*** Input ***
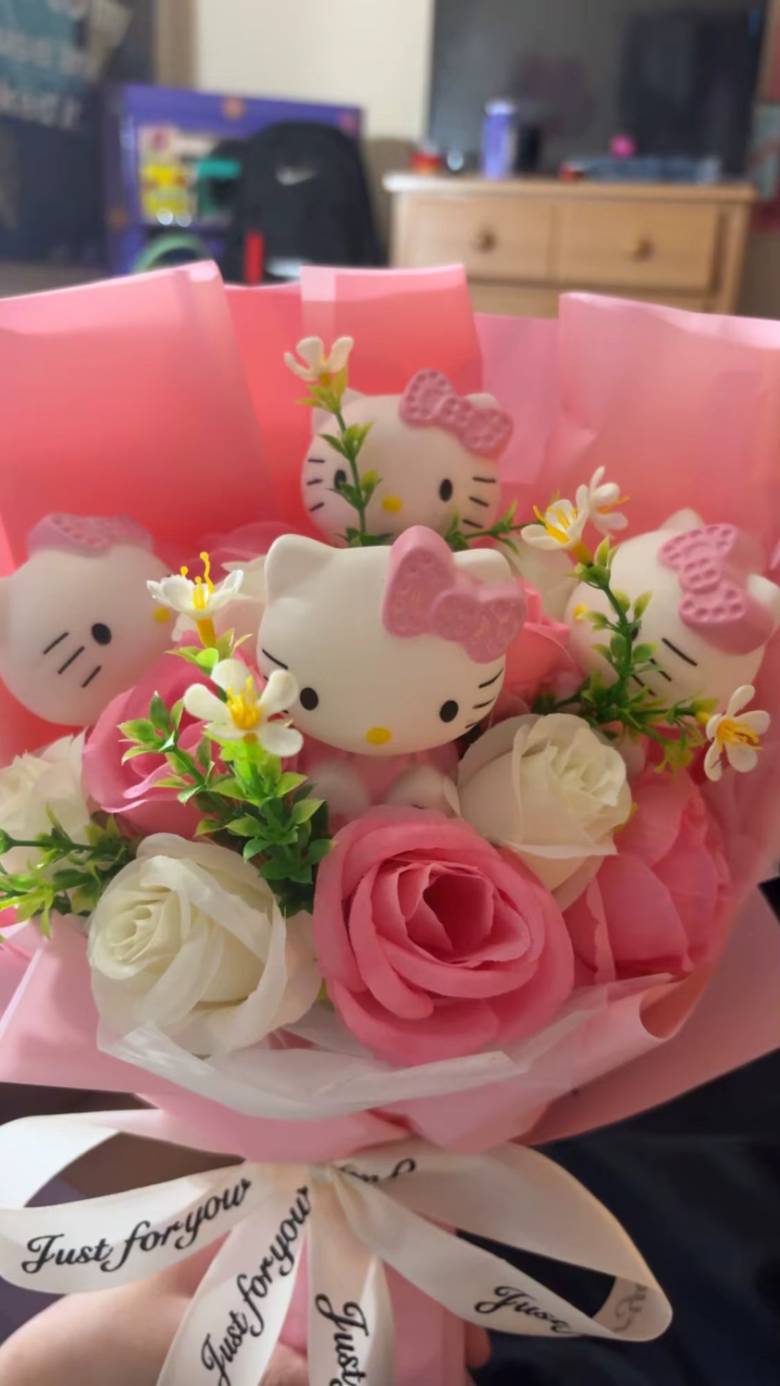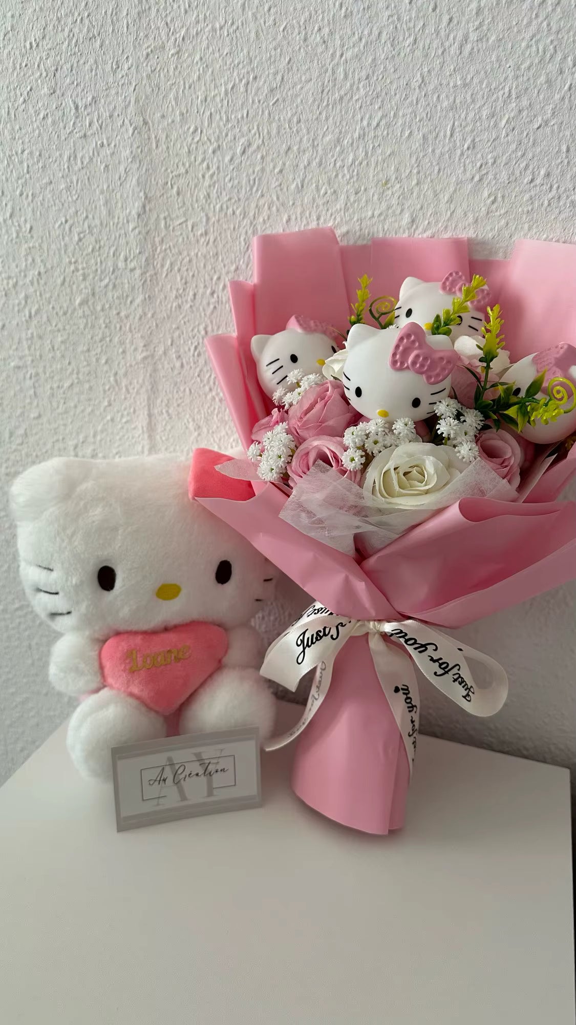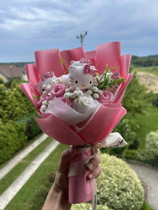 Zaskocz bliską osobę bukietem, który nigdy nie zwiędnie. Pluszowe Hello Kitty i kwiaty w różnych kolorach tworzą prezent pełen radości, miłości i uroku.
*** End of Input ***
*** Input ***
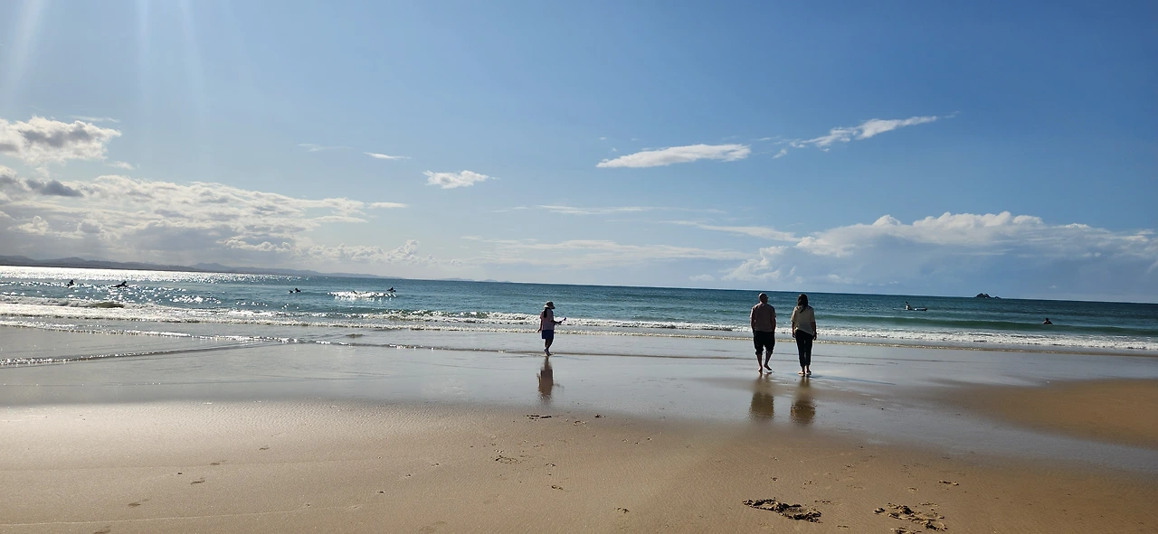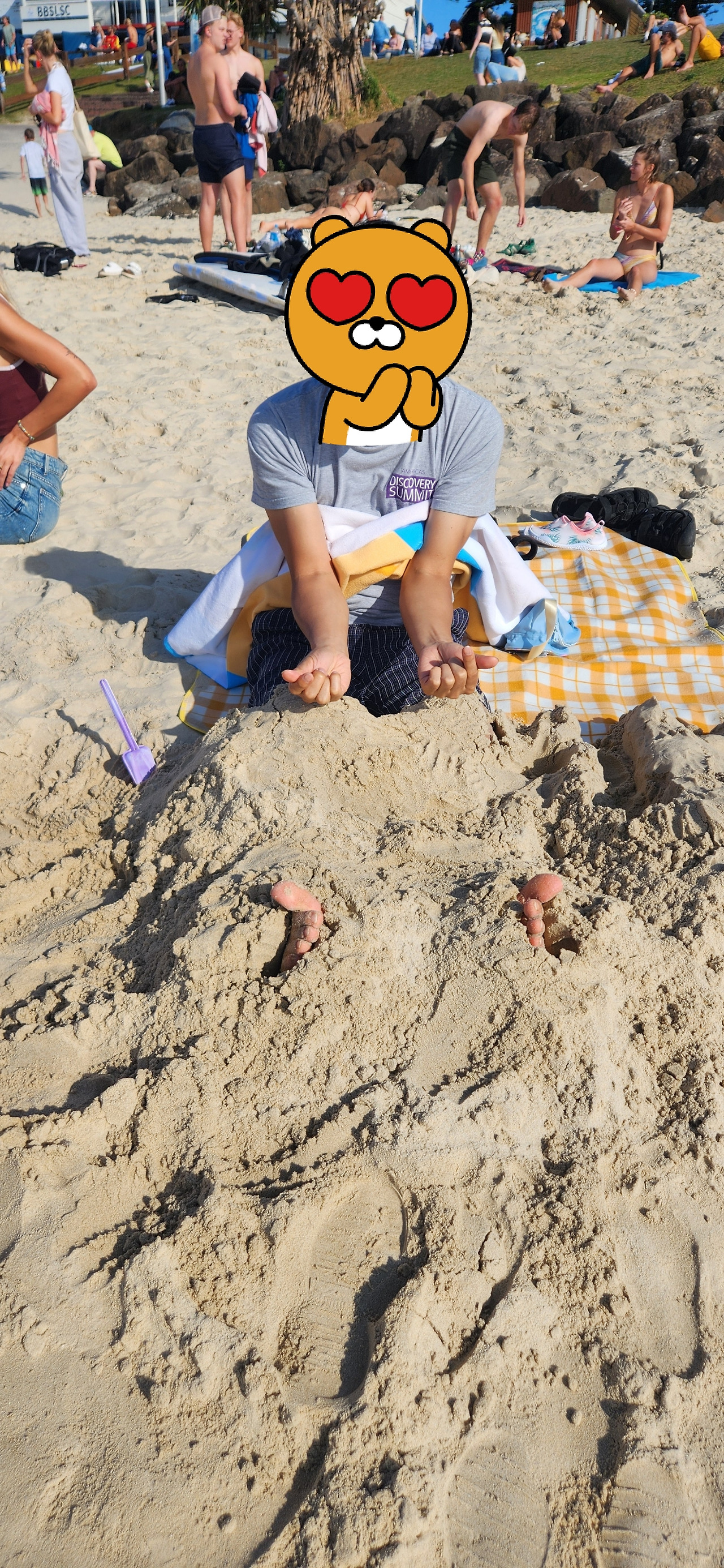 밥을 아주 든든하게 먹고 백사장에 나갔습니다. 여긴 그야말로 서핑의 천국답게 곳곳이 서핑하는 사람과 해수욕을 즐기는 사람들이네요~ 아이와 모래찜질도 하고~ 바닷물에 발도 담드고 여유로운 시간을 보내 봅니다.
*** End of Input ***
*** Input ***
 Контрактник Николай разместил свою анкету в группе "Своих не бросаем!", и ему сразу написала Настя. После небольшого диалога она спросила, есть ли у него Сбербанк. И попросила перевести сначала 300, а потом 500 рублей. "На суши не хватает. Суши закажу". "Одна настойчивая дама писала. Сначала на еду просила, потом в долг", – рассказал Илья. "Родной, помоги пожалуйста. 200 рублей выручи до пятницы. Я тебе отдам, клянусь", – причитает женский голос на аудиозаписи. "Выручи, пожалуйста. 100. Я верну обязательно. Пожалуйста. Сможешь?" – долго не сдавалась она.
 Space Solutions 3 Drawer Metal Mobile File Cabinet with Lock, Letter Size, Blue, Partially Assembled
*** End of Input ***
(Task statement) Wherever the line holding "Контрактник Николай разместил" falls in the entries above, copy exactly from it through the line holding "Space Solutions 3", inclusive, and add nothing.

(Answer to the problem)
 Контрактник Николай разместил свою анкету в группе "Своих не бросаем!", и ему сразу написала Настя. После небольшого диалога она спросила, есть ли у него Сбербанк. И попросила перевести сначала 300, а потом 500 рублей. "На суши не хватает. Суши закажу". "Одна настойчивая дама писала. Сначала на еду просила, потом в долг", – рассказал Илья. "Родной, помоги пожалуйста. 200 рублей выручи до пятницы. Я тебе отдам, клянусь", – причитает женский голос на аудиозаписи. "Выручи, пожалуйста. 100. Я верну обязательно. Пожалуйста. Сможешь?" – долго не сдавалась она.
 Space Solutions 3 Drawer Metal Mobile File Cabinet with Lock, Letter Size, Blue, Partially Assembled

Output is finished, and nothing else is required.